§ Material supplied:
☆ ☆ ☆
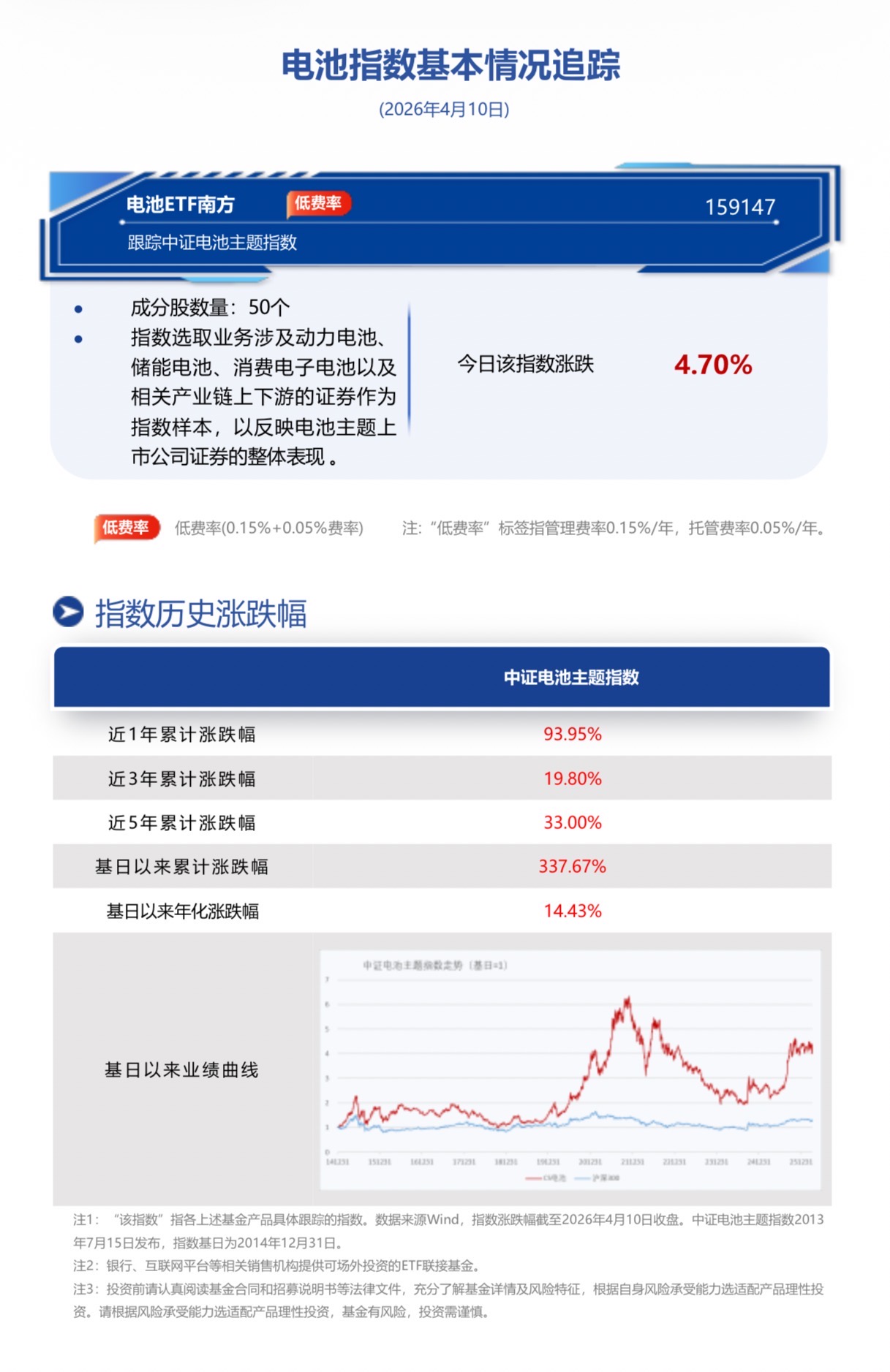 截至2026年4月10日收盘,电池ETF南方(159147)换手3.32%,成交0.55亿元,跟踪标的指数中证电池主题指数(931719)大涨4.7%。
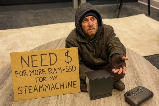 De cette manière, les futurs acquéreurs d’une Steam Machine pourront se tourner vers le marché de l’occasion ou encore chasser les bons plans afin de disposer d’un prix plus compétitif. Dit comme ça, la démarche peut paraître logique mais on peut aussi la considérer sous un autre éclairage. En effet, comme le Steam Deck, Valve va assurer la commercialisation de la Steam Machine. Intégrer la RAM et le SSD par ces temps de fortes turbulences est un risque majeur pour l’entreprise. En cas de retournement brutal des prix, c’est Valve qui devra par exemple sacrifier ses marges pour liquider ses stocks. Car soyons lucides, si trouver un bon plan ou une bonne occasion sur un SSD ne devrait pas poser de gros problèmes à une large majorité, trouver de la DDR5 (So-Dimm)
☆ ☆ ☆
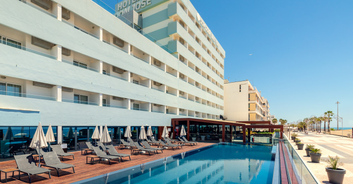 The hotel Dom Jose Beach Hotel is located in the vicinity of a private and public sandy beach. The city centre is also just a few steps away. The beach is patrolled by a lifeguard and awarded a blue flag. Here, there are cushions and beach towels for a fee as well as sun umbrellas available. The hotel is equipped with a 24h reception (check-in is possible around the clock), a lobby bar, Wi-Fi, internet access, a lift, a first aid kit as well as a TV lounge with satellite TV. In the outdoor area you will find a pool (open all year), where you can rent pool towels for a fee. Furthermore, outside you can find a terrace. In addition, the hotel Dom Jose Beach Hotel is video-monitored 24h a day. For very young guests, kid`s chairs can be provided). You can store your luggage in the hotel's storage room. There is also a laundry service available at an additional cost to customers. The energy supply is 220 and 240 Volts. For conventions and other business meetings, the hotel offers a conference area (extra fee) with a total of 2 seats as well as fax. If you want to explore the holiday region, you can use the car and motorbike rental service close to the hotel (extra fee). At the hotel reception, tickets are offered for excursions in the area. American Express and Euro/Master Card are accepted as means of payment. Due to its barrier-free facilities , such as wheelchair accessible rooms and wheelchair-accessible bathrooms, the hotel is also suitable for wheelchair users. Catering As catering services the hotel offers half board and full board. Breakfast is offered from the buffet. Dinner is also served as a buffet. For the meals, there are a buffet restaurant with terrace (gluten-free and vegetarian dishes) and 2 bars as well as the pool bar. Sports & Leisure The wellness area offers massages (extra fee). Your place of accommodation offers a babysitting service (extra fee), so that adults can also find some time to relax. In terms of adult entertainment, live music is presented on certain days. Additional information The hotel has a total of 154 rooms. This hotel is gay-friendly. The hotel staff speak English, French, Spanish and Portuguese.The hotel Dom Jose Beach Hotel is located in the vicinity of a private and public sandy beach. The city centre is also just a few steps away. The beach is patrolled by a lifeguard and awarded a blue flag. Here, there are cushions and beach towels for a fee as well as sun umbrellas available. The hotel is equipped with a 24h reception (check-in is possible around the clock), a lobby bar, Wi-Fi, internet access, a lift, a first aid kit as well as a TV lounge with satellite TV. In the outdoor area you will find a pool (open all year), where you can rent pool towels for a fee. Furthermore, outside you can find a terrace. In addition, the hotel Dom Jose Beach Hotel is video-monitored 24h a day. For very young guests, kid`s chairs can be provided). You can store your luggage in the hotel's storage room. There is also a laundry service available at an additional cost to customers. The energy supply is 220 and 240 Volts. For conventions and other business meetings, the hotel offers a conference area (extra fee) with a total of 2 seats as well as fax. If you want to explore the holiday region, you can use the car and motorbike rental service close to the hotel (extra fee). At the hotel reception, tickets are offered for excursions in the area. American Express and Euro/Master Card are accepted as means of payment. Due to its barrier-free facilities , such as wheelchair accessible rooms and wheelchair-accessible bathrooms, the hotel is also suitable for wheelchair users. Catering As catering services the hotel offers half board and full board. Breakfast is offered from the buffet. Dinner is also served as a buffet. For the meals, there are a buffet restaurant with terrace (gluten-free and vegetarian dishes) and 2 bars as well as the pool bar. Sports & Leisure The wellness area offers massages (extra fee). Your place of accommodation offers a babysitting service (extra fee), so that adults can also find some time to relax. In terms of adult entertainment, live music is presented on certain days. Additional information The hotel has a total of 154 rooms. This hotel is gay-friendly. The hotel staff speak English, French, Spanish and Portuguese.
☆ ☆ ☆
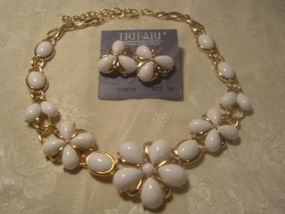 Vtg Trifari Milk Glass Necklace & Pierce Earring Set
☆ ☆ ☆
§ Work task: Starting at the line that contains "截至2026年4月10日收盘" and ending at the line that contains "De cette manière, les", transcribe the material above exactly, excluding pictures.

§ Answer space:
 截至2026年4月10日收盘,电池ETF南方(159147)换手3.32%,成交0.55亿元,跟踪标的指数中证电池主题指数(931719)大涨4.7%。
 De cette manière, les futurs acquéreurs d’une Steam Machine pourront se tourner vers le marché de l’occasion ou encore chasser les bons plans afin de disposer d’un prix plus compétitif. Dit comme ça, la démarche peut paraître logique mais on peut aussi la considérer sous un autre éclairage. En effet, comme le Steam Deck, Valve va assurer la commercialisation de la Steam Machine. Intégrer la RAM et le SSD par ces temps de fortes turbulences est un risque majeur pour l’entreprise. En cas de retournement brutal des prix, c’est Valve qui devra par exemple sacrifier ses marges pour liquider ses stocks. Car soyons lucides, si trouver un bon plan ou une bonne occasion sur un SSD ne devrait pas poser de gros problèmes à une large majorité, trouver de la DDR5 (So-Dimm)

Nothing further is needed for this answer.